[What to do] Nothing but the pictures should be dropped when the records are transcribed word for word.

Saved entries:
————————
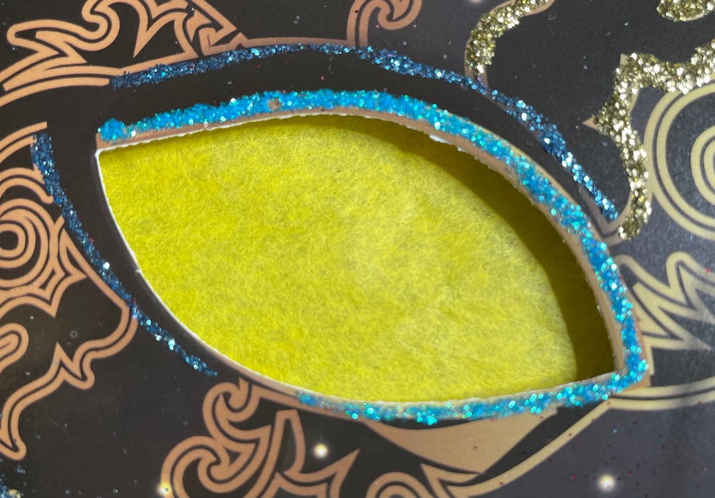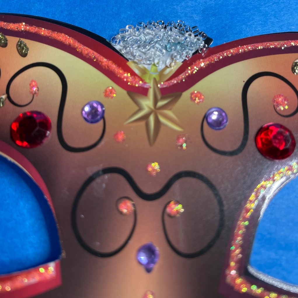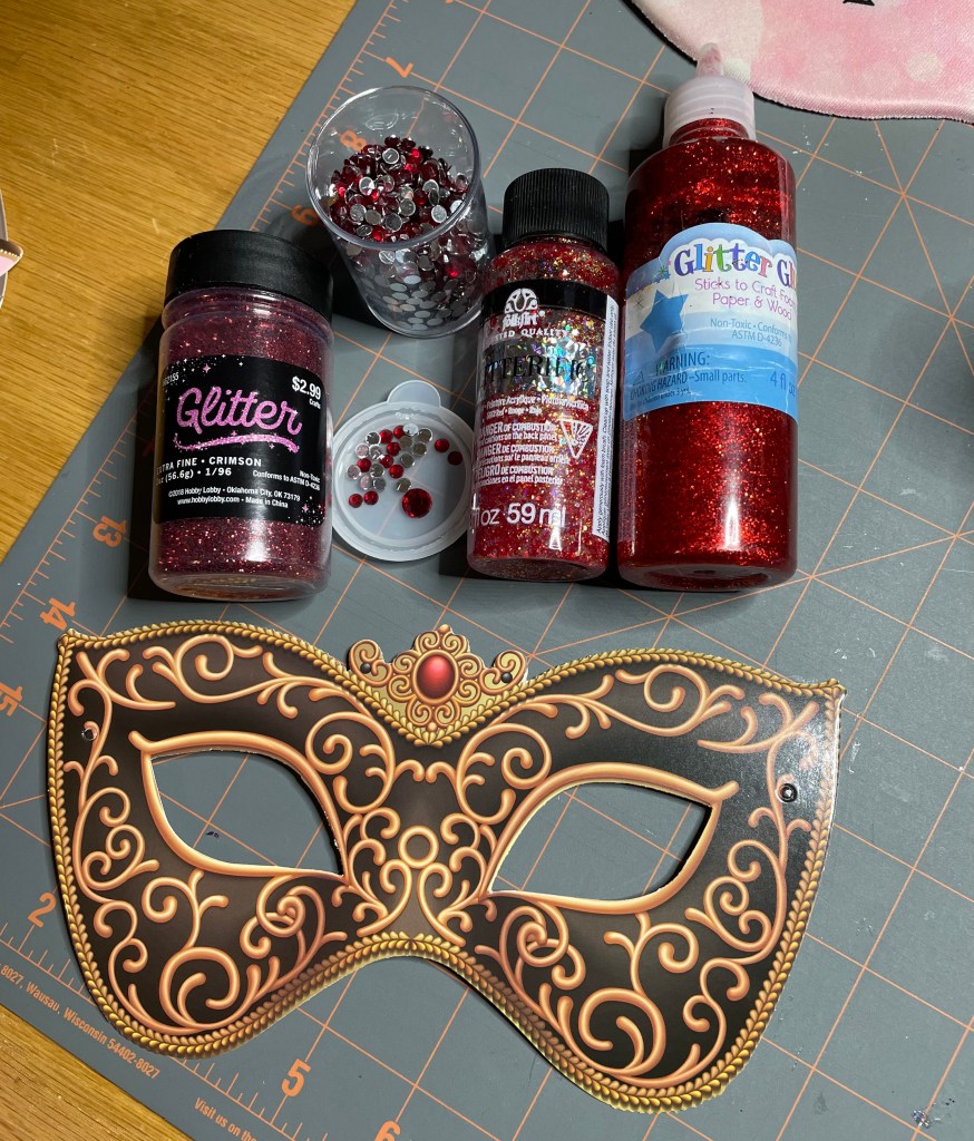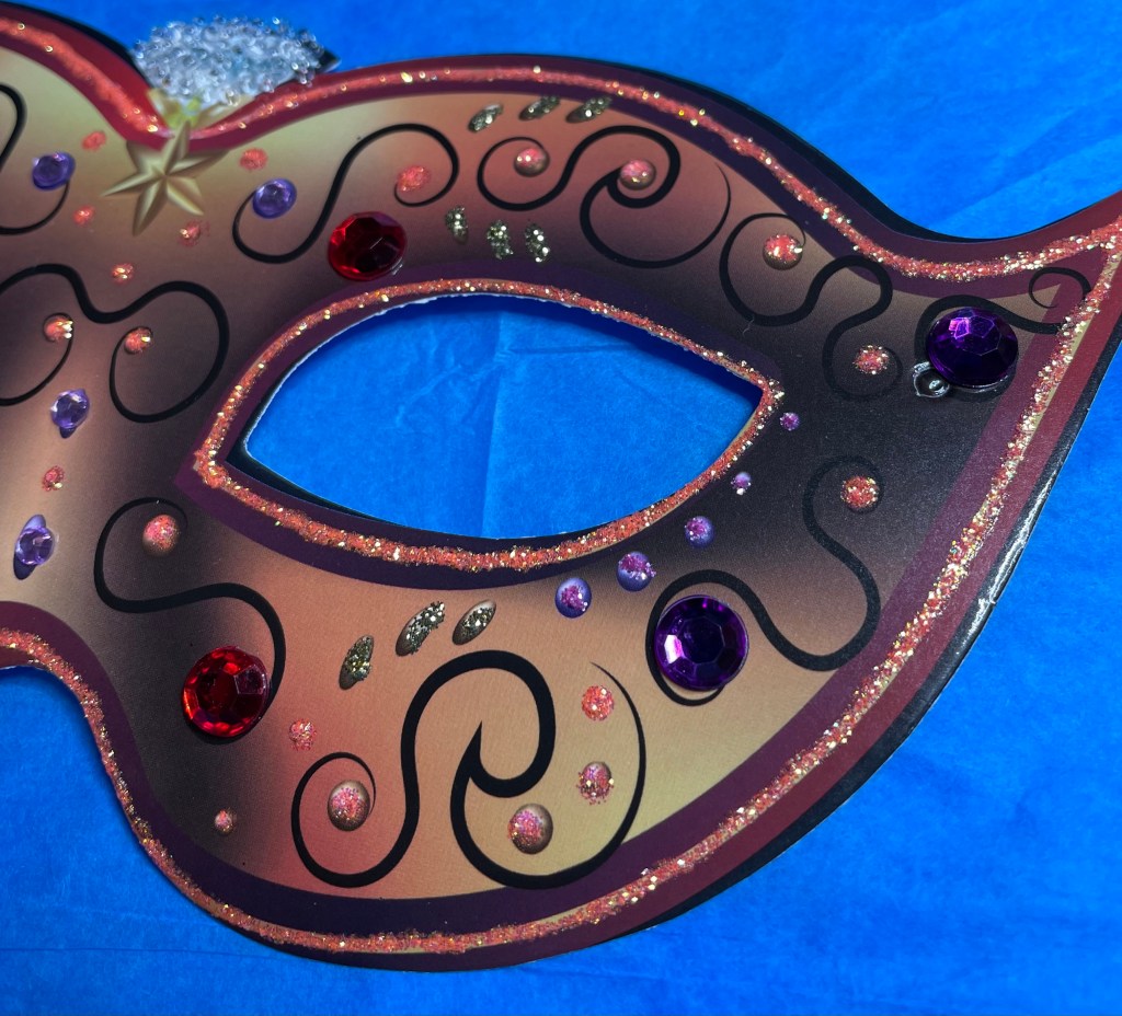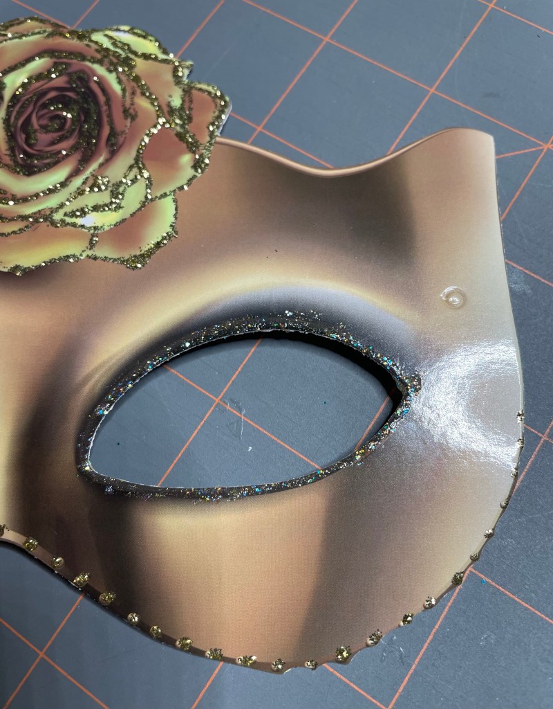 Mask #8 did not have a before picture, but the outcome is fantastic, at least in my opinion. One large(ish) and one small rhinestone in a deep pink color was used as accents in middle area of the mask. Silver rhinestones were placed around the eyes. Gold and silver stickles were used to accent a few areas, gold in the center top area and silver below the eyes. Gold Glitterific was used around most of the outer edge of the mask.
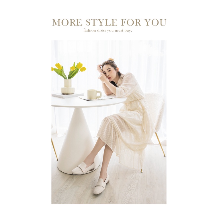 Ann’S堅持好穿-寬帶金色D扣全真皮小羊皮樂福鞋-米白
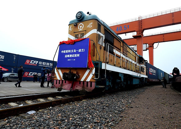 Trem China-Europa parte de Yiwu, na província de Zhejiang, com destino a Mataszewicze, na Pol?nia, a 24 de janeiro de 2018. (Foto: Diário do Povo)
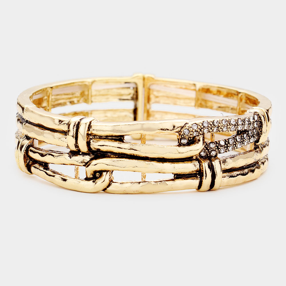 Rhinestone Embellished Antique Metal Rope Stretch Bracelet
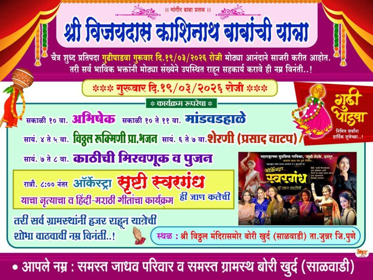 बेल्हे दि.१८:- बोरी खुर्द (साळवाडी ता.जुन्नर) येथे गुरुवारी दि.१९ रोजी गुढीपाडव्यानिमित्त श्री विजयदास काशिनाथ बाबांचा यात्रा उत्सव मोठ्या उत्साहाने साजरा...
————————
[Problem solution]
 Mask #8 did not have a before picture, but the outcome is fantastic, at least in my opinion. One large(ish) and one small rhinestone in a deep pink color was used as accents in middle area of the mask. Silver rhinestones were placed around the eyes. Gold and silver stickles were used to accent a few areas, gold in the center top area and silver below the eyes. Gold Glitterific was used around most of the outer edge of the mask.
 Ann’S堅持好穿-寬帶金色D扣全真皮小羊皮樂福鞋-米白
 Trem China-Europa parte de Yiwu, na província de Zhejiang, com destino a Mataszewicze, na Pol?nia, a 24 de janeiro de 2018. (Foto: Diário do Povo)
 Rhinestone Embellished Antique Metal Rope Stretch Bracelet
 बेल्हे दि.१८:- बोरी खुर्द (साळवाडी ता.जुन्नर) येथे गुरुवारी दि.१९ रोजी गुढीपाडव्यानिमित्त श्री विजयदास काशिनाथ बाबांचा यात्रा उत्सव मोठ्या उत्साहाने साजरा...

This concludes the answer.